**Problem details:** After locating the line with "Faceted orange and" in the entries below, output it and each following line up to and including the line with "Diár DESIGN denný B6 2026 - hnedá - Bodky", exactly and without pictures.
==== Entries shown ====
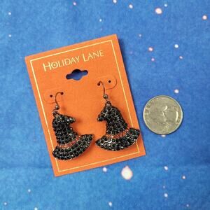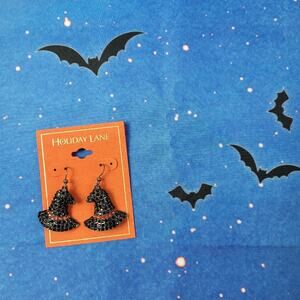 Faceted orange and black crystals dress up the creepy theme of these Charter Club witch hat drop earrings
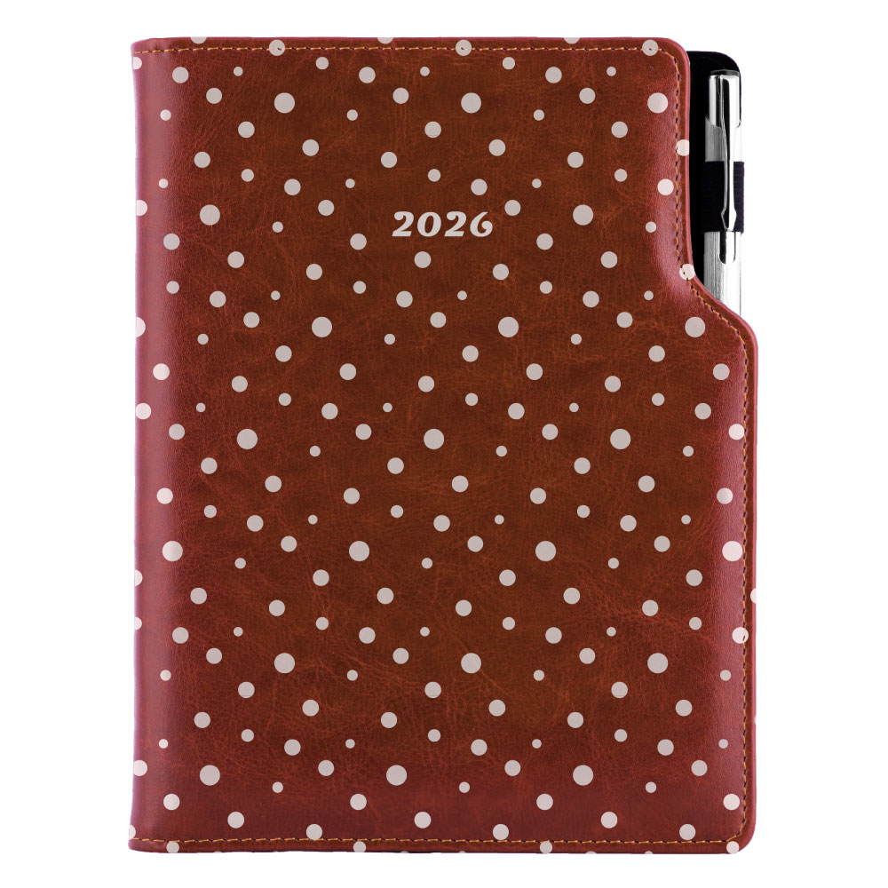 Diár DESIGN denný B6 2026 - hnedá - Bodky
====
==== Entries shown ====
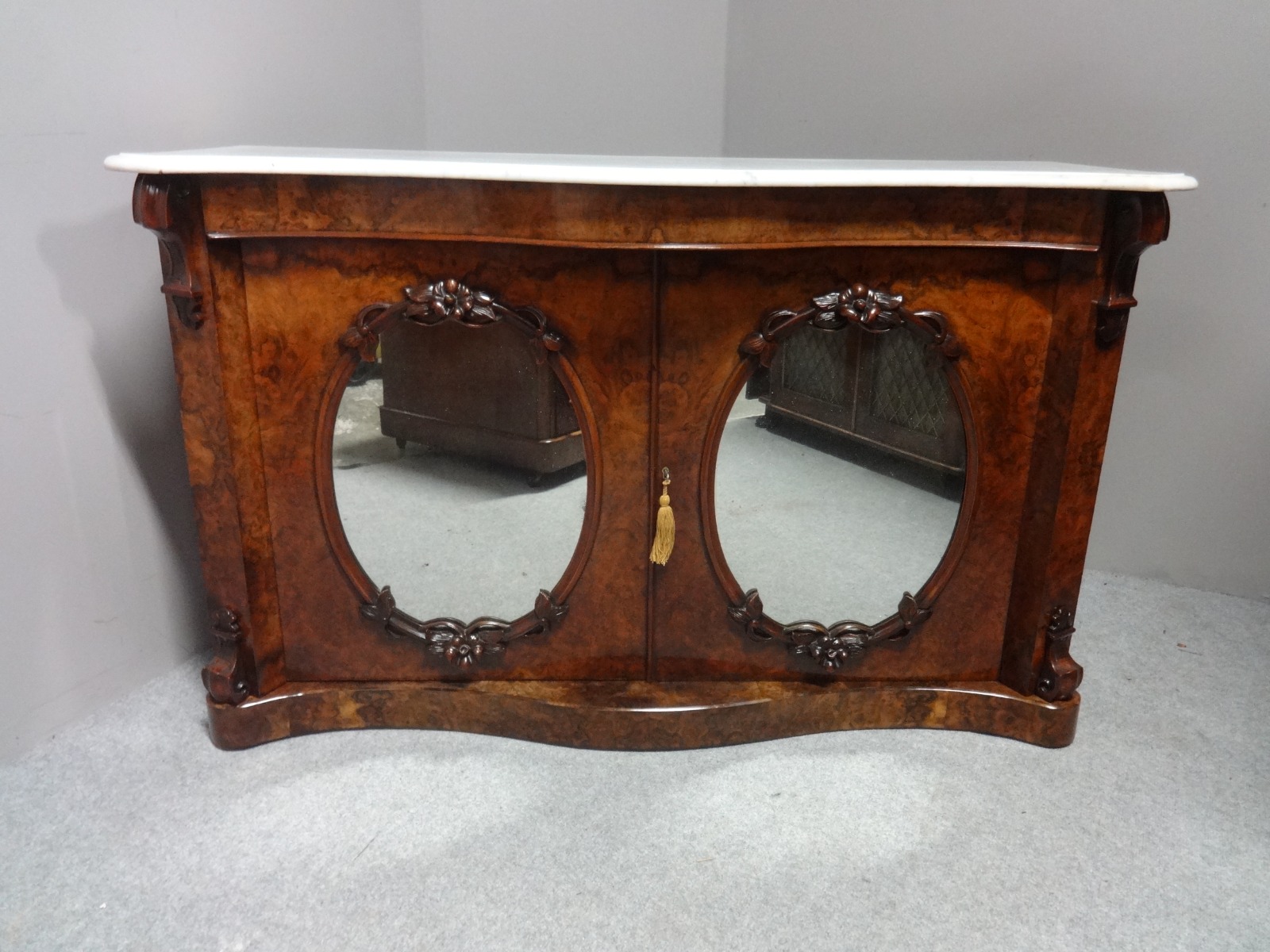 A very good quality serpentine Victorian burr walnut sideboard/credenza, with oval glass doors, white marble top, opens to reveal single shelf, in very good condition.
====
**Answer section:**
 Faceted orange and black crystals dress up the creepy theme of these Charter Club witch hat drop earrings
 Diár DESIGN denný B6 2026 - hnedá - Bodky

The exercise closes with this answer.